A Complete Production Example
Combining all best practices:
version: '3.9'
services:
nginx:
image: nginx:1.25-alpine
ports:
- "80:80"
volumes:
- ./nginx.conf:/etc/nginx/nginx.conf:ro
depends_on:
- app
networks:
- web
deploy:
resources:
limits:
cpus: '0.5'
memory: 256M
app:
build: .
expose:
- "8000"
environment:
- DATABASE_URL=postgresql://user:pass@postgres:5432/myapp
- LOG_LEVEL=info
depends_on:
postgres:
condition: service_healthy
healthcheck:
test: ["CMD", "curl", "-f", "http://localhost:8000/health"]
interval: 30s
timeout: 5s
retries: 3
networks:
- web
- internal
logging:
driver: "awslogs"
options:
awslogs-group: "/ecs/myapp"
awslogs-region: "us-east-1"
deploy:
resources:
limits:
cpus: '2.0'
memory: 1G
reservations:
cpus: '1.0'
memory: 512M
postgres:
image: postgres:15-alpine
environment:
- POSTGRES_PASSWORD=securepass
volumes:
- pgdata:/var/lib/postgresql/data
healthcheck:
test: ["CMD-SHELL", "pg_isready -U postgres"]
interval: 10s
timeout: 5s
retries: 5
networks:
- internal
deploy:
resources:
limits:
cpus: '1.0'
memory: 512M
volumes:
pgdata:
networks:
web:
driver: bridge
internal:
driver: bridge
This setup:
- Reverse proxy in front
- Health checks for monitoring
- Resource limits to prevent runaway
- Structured logging to centralized service
- Multiple networks for security
- Persistent volumes for data
It's production-ready.
Key Takeaways
- Use a reverse proxy (Nginx) in front of your Python app for better resource management and security.
- Health checks allow Docker/Kubernetes to detect hung containers and restart them automatically.
- Resource limits prevent one container from consuming all CPU/memory and crashing the host.
- Send logs to a centralized service (CloudWatch, Datadog) for searchability and alerting.
- Use custom networks to restrict inter-service communication; only expose what's necessary.
Frequently Asked Questions
Do I need Nginx if I'm deploying to Kubernetes?
Kubernetes has Ingress and Service resources that handle routing. You might still use Nginx as an Ingress controller, but it's not required the way it is for standalone Docker.
How often should health checks run?
Every 30–60 seconds is typical. More frequent checks consume more resources and might mask transient issues. Less frequent means longer time to detect failures.

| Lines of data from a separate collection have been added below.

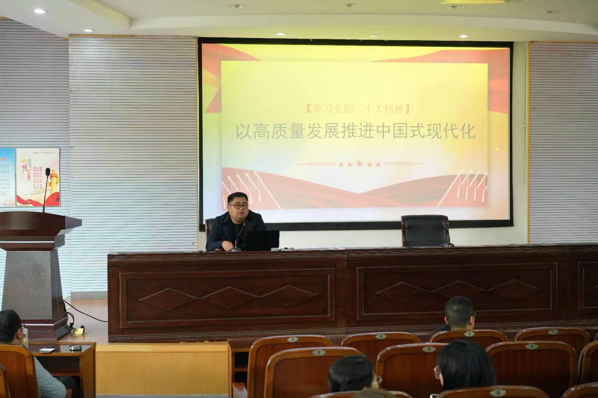 为全面系统深入学习习近平新时代中国特色社会主义思想和党的二十大精神,10月11日下午,土木工程学院在南校区土木馆报告厅组织开展“以高质量发展推进中国式现代化”专题学习。学院党委书记谷伟领学,全体教职工参加。
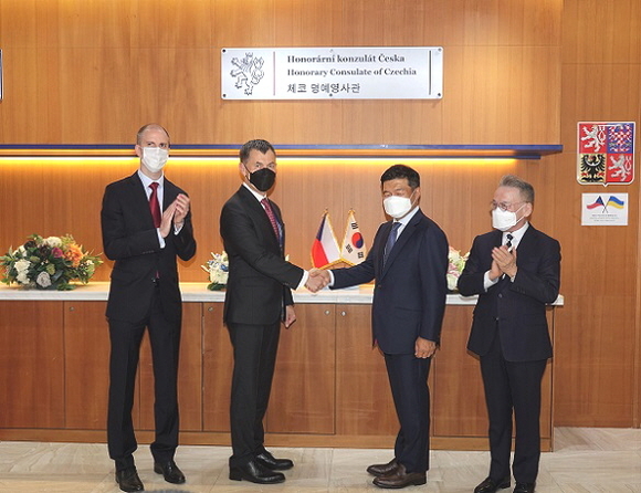 이날 개관식에는 체코 명예 영사로 위촉된 강호찬 부회장과 구스타브 슬라메취카 주한 체코 대사, 강의구 부산영사단 단장 및 체코 대사관 관계자 등이 참석했다.
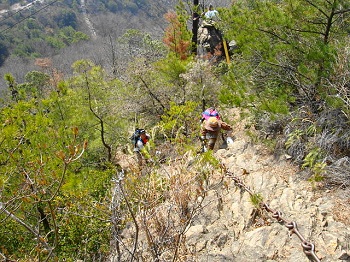 | 全員が花粉症で体調悪し。マスクを着けて登り始めたが、程無くして息苦しくなり、マスクを外す。何とこの山には杉の木が見当たらない。しかし、花粉症の症状は変わらず・・・。帰途、奥屋PAで美味しい水を汲んで帰る。女性隊員がにぎり天を買う、よく食べるなあ! |
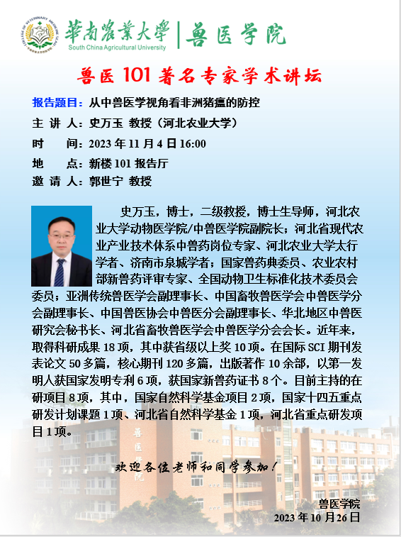 学术论坛(2023.11.4)从中兽医学视角看非洲猪瘟的防控
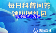 支付宝蚂蚁森林神奇海洋2025年6月4日问题已经更新,今日题目是:哪种鲨鱼会发光?正确答案是:【灯笼鲨】。灯笼鲨的皮肤含有发光细胞,遇到危险时,身体会根据接收到的环境光来发光,使自
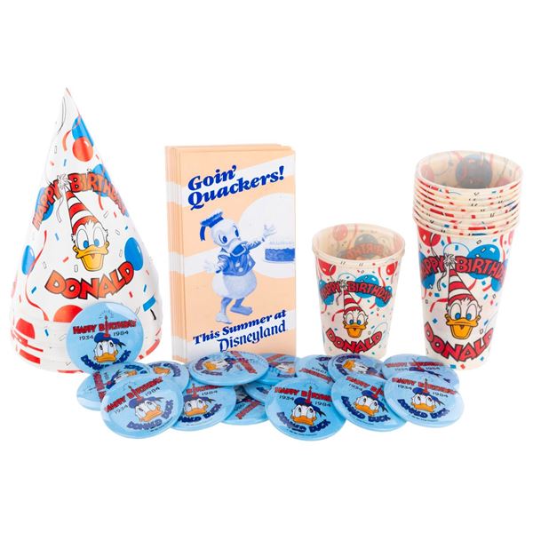 (Disneyland, 1984) A collection of Donald Duck's 50th birthday souvenirs. Included are ten identical "Goin' Quackers" pamphlets, s...
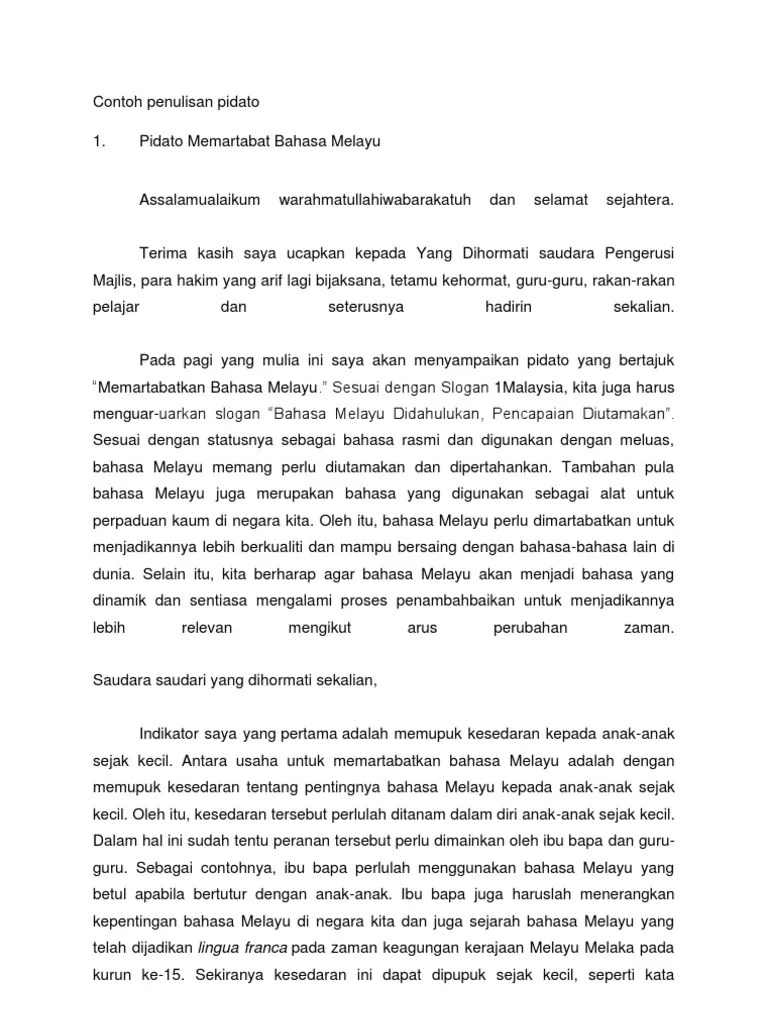 Sekolah Contoh Pidato Bahasa Melayu - Doc Teks Pidato Dello Ppismp Pj Academia Edu
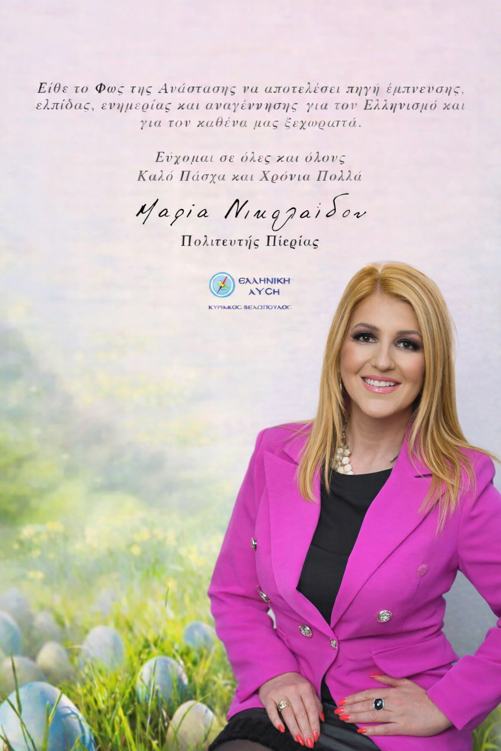 Σας επισυνάπτω το πασχαλινό μου μήνυμα προς τους συμπολίτες μας στην Πιερία, καθώς και μια συνοδευτική φωτογραφία, και θα ήταν ιδιαίτερη τιμή για εμένα αν μπορούσατε να το δημοσιεύσετε.
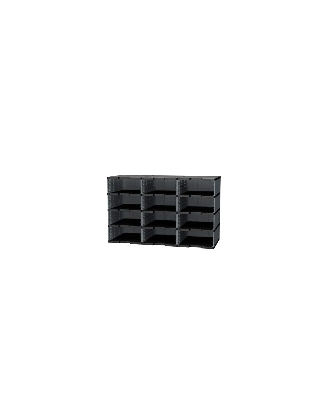 Modulo organizador 12 casillas talla jumbo gris. Para documentos de un formato de hasta 24 x 32 cm. En plástico de poliestireno reciclable. con la certificación Angel Azul. Exterior gris. interior negro. Se entrega desmontado.Jumbo de dimensiones externas: Alt. 14.5 x An. 28.8 x Fon. 35.4 cm y útiles: Alt. 11.6 x An. 25.6 x Fon. 34 cm.Para documentos de un formato de hasta 24 x 32 cm. En plástico de poliestireno reciclable. con la certificación Angel Azul. Exterior gris. interior negro.
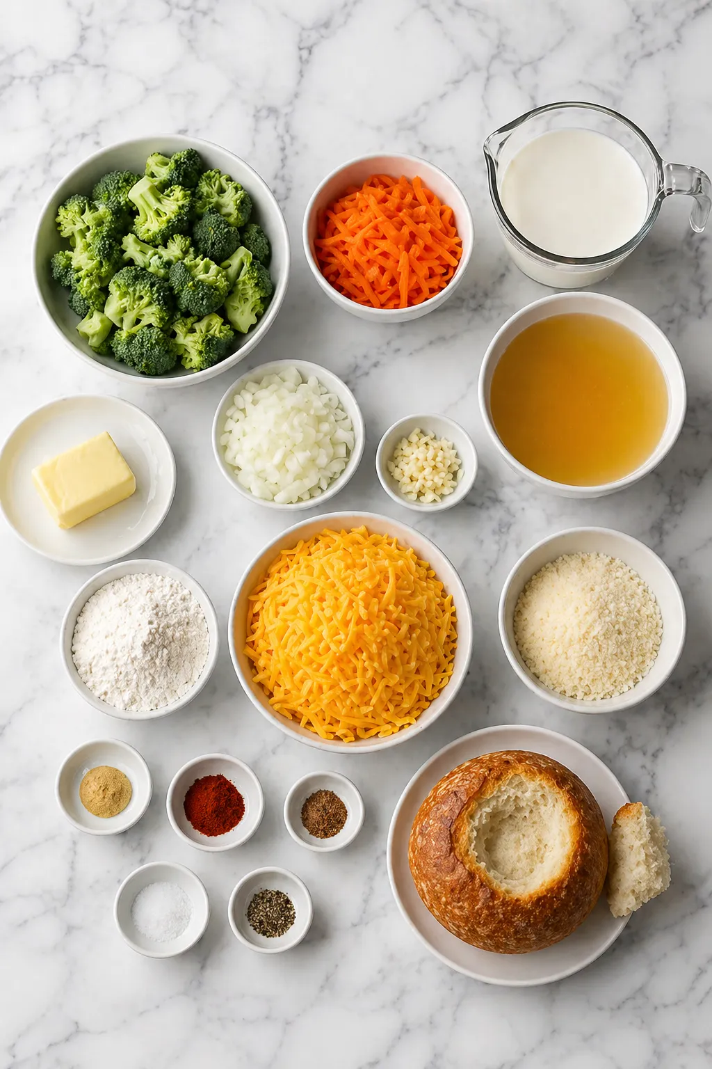 - Carrots — Bring gentle sweetness, bright color, and classic broccoli cheddar soup texture.

What resource limits should I use?
Start with 1 CPU and 512 MB for a typical Flask/FastAPI app. Monitor actual usage, then adjust. Memory leaks and CPU spikes indicate a need to optimize the app or increase limits.
Can I change resource limits on a running container?
Not with docker-compose. You'd need to update the Compose file and restart: docker compose up -d. With Kubernetes, you can update limits dynamically.
How do I handle graceful shutdowns?
Set a stop_grace_period in Compose: stop_grace_period: 30s. This gives the app time to finish requests before Docker forcefully kills it.